To provide a background of his current research activities, Prof. Wise said,"Currently we have a theory for the strong, weak and electromagnetic interactions of elementary particles that has been extensively tested in experiments. It is usually called the standard model. Even with this theory many features of the data are not explained. For example, the quark and lepton masses are free parameters in the standard model and are not predicted. Furthermore the theory has some unattractive aspects -- the most noteworthy of them being the extreme fine tuning needed to keep the Higgs mass small compared to the ultraviolet cutoff for the theory. This is sometimes called the hierarchy problem."
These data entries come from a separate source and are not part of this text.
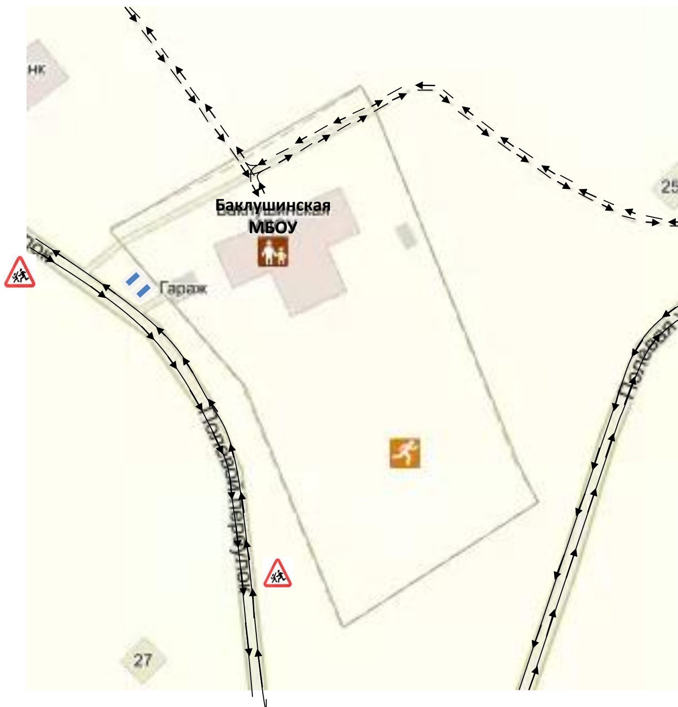
Схема организации дорожного движения в непосредственной близости от образовательного учреждения с размещением соответствующих технических средств, маршруты движения детей и расположение парковочных мест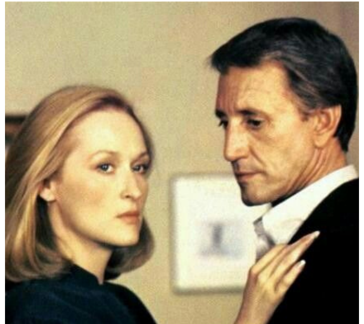
1981 LA MORT AUX ENCHÈRES (Still of the Night) de Robert Benton avec Meryl Streep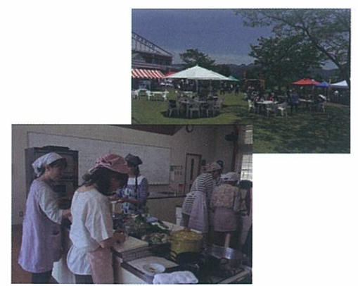
旬の野菜とハーブのワークショップ

日程 10月29日(日) 時間 10時～15時 場所 問 薬草・地域作物センター TEL (21) 6061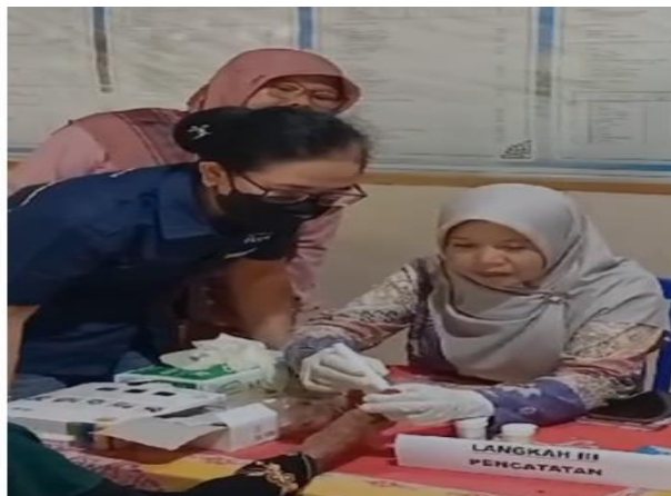
Gambar 2. Simulasi Posyandu Lansia

Pertemuan kedua yaitu pada hari Sabtu 14 Desember 2024 merupakan tahap simulasi pelaksanaan Posyandu Lansia dengan perwakilan lansia sebanyak 20 orang, dilanjutkan evaluasi yaitu pelaksanaan posttest dan diakhiri dengan penyerahan bantuan alat-alat kesehatan serta evaluasi pelaksanaan program secara keseluruhan. Melakukan diskusi akhir terhadap hasil evaluasi bersama para kader untuk memberikan masukan berdasarkan hasil evaluasi baik hasil evaluasi kognitif maupun skill, untuk rencana tindak lanjut perbaikan layanan.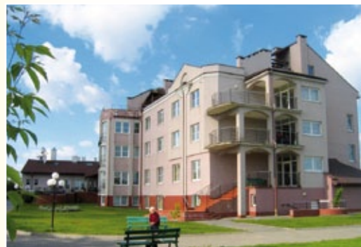
Dom Pomocy Społecznej

Po upadku komunizmu miasto stało się centrum usługowo - handlowym dla okolicy. W czasie minionych 20 lat stworzono od podstaw system kanalizacji, wraz z oczyszczalnią ścieków, zmodernizowano wszystkie ulice, których ilość zwiększyła się z 31 do 48. O ponad 30 % wzrosła liczba domów, co stało się głównie za sprawą chętnie osiedlających się w Kowalu nowych mieszkańców. Na te inne polskie miast Kowal wyróżnia się dbałością o zieleń, czystość, ład i porządek. Znajdują się w nim: przedszkole, szkoła podstawowa, gimnazjum, liceum ogólnokształcące i zespół szkół rolniczych, trzy placówki służby zdrowia, stacja pogotowia ratunkowego oraz Dom Pomocy Społecznej dla osób cierpiących na stwardnienie rozsiane.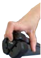
クイックリリース機能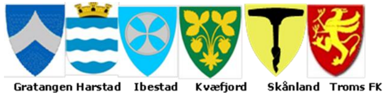
Gratangen Harstad Ibestad Kvæfjord Skånland Troms FK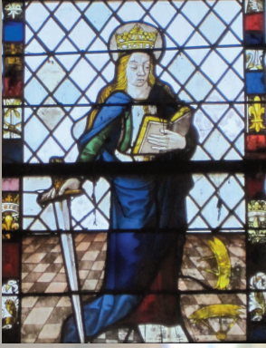
Ste Catherine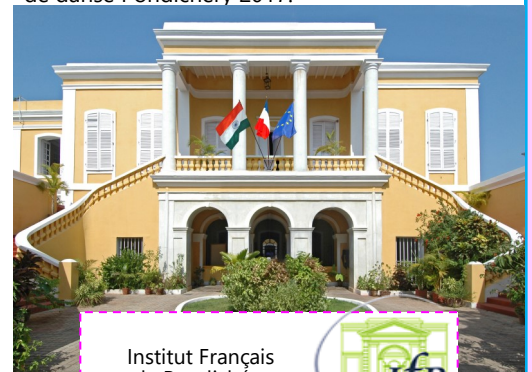
Institut Français de Pondichéry

Au programme: restitution des travaux du Parlement du bon sens 2016, chants carnatics, percussions et danses par les lauréats de la compétition de danse Pondichéry 2017.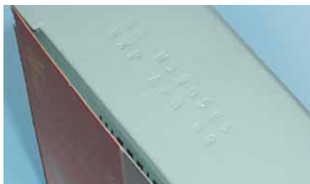
Impressão em baixo relevo: dados fixos e pouco contraste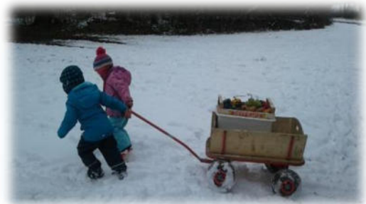
Abbildung 8: co.natur gGmbH Waldkindergarten Heimsheim

Außerdem ist es empfehlenswert, dass die Kinder warme Vesper und Tee in Thermobehälter mitbringen.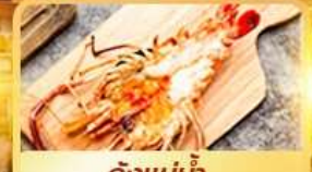
กุ้งแม่น้ำ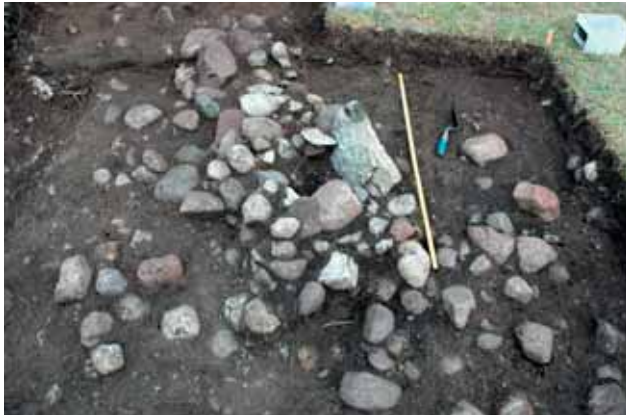
Stolphål 1 var centralt placerad i husets grundmur. Stensatt med en kalkstensskiva och gråsten. Foto Arkeologisk undersökning vid BUTTLE ÄNGE, 2009.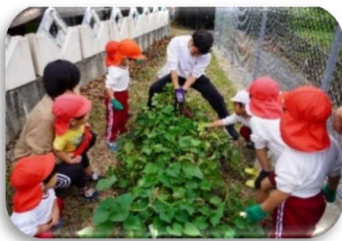
「おいしょ、おいしょ」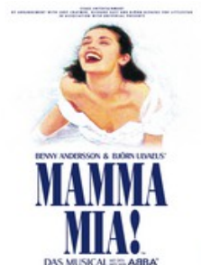
BENNY ANDERSSON & BJÖRN ULVÄS MAMMA MIA! DAS MUSICAL MIT ABBA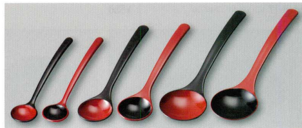
ピーナッツ Spoon (A) ウ お玉 Spoon (A) ウ

5157-17 黒内朱 ¥500 11.2×3.0×2.2 77-204-1 5157-18 朱内黒 ¥500 11.2×3.0×2.2 77-204-2 5157-19 黒内朱 (小) 16.3×5.0×5.3 77-222-1 ¥900 5157-20 朱内黒 (小) 16.3×5.0×5.3 77-222-2 ¥900 5157-21 黒内朱 (大) 19.2×6.0×4.6 77-221-1 ¥950 5157-22 朱内黒 (大) 19.2×6.0×4.6 77-221-2 ¥950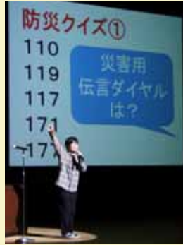
大学生の意見発表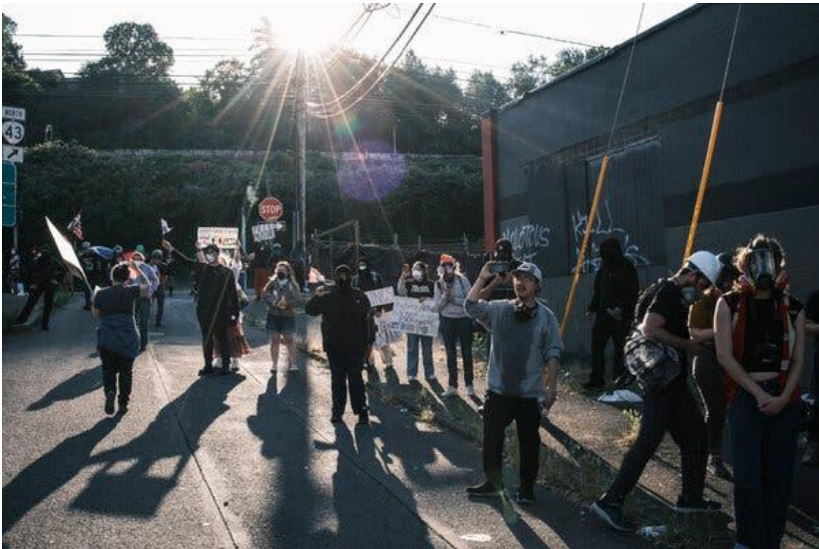
Protesters gathered outside an apparent ICE detention center in Portland in June. Portland is one of the Democratic cities that has been in the president's sights.

The president characterized Immigration and Customs Enforcement facilities as being under siege from domestic terrorists.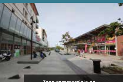
Zone commerciale de St Jacques de la Lande

2 universités et 25 écoles supérieures réparties sur plusieurs campus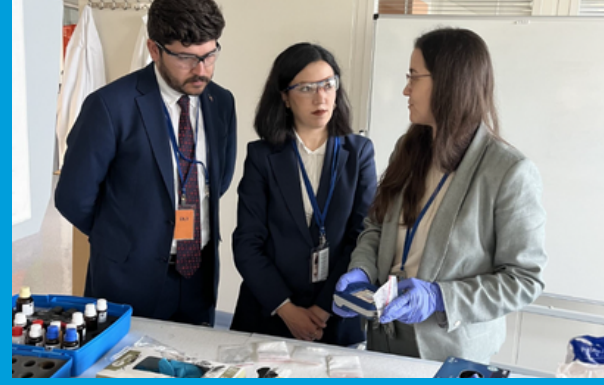
Türk Heyeti, Uyuşturucu Kaçakçılığıyla Mücadelede İş Birliğini Güçlendirmek Amacıyla Viyana'daki UNODC Laboratuvarını Ziyaret Etti

UNODC Güneydoğu Avrupa Bölge Ofisi (ROSEE), İstanbul UNODC Proje Ofisi, Ankara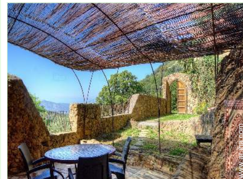
vista desde el apartamento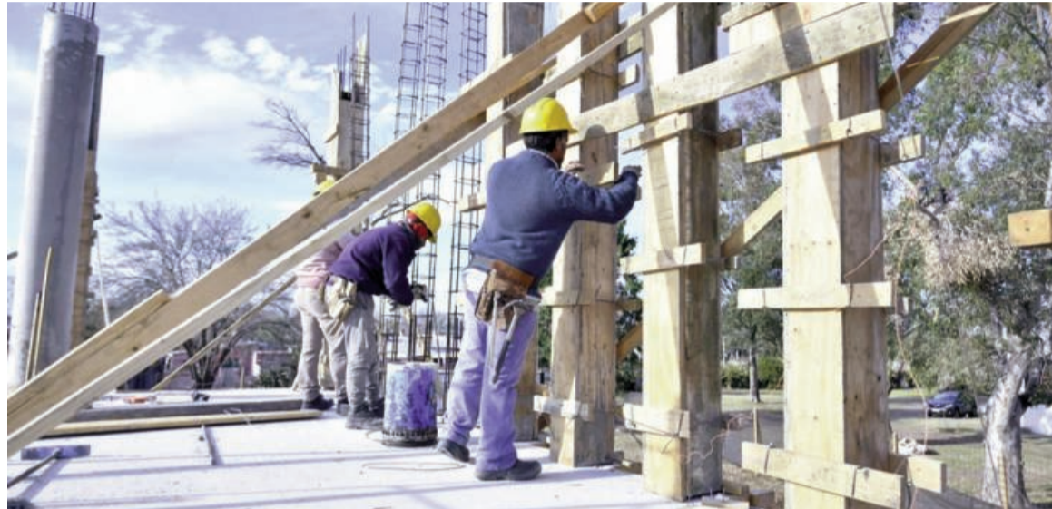
La reforma laboral tuvo su primera traba judicial.

He explained,"My own research breaks into two parts. One part is using the standard model to predict experimental observables. Just because you have a theory doesn’t mean it’s straightforward to use it to compare with experiment. Usually such comparisons involve expansions in some small quantity. One area I have done considerable research on is the development of methods to make predictions for the properties of hadrons that contain a single heavy quark".

He elaborated,"The other part is research on physics that is beyond what is in the standard model. In particular I have worked on the development of several extensions of the standard model that solve the hierarchy problem: low energy supersymmetry, the Randall-Sundrum model and most recently the Lee-Wick standard model. This work is very speculative. It is possible that none of the extensions of the standard model discussed in the scientific literature are realized in nature."

Prof. Wise shared the 2001 Sakurai Prize for Theoretical Particle Physics with Nathan Isgur and Mikhail Voloshin. The citation mentioned his work on "the construction of the heavy quark mass expansion and the discovery of the heavy quark symmetry in quantum chromodynamics, which led to a quantitative theory of the decays of c and b flavored hadrons."

He obtained his PhD from Stanford University in 1980. While doing his thesis work, he also co-authored the book 'From Physical Concept to Mathematical Structure: an Introduction to Theoretical Physics' (U. Toronto Press, 1980) with Prof Lynn Trainor of the University of Toronto (where he did his B.S. in 1976 and M.S. in 1977). He also coauthored, with Aneesh Manohar, a monograph on 'Heavy Quark Physics' (Cambridge Univ Press, 2000).

We are pleased to present the list of 5 needed breakthroughs that Prof. Mark Wise would be happy to see in the field of high energy physics.
-- 2Physics.com]

"Here go five breakthroughs that would be great to see:

1) An understanding of the mechanism that breaks the weak interaction symmetry giving the W's and Z's mass. This we should know the answer to in my lifetime since it will be studied at the LHC (Large Hadron Collider) and I am trying to stay healthy.

2) Reconciling gravity with quantum mechanics. Currently the favored candidate for a quantum theory of gravity is String Theory. However, there is no evidence from experiment that this is the correct theory. Perhaps quantum mechanics itself gives way to a more fundamental theory at extremely short distances.

3) An answer to the question, why is the value of the cosmological constant so small? I am assuming here that dark energy is a cosmological constant. (Hey if it looks like a duck and quacks like a duck it's probably a duck.) A cosmological constant is a very simple term in the effective low energy Lagrangian for General Relativity. The weird thing about dark energy is not what it is but rather why it's so small.

4) An understanding of why the scale at which the weak symmetry is broken is so small compared to the scale at which quantum effects in gravity become strong. This is usually called the hierarchy problem. Breakthrough (1) might provide the solution to the hierarchy problem or it might not.

5) Discovery of the particle that makes up the dark matter of the universe and the measurement of its properties (e.g., spin, mass, ...).

There are other things I would love to know. For example, is there a way to explain the values of the quark and lepton masses? But you asked for five."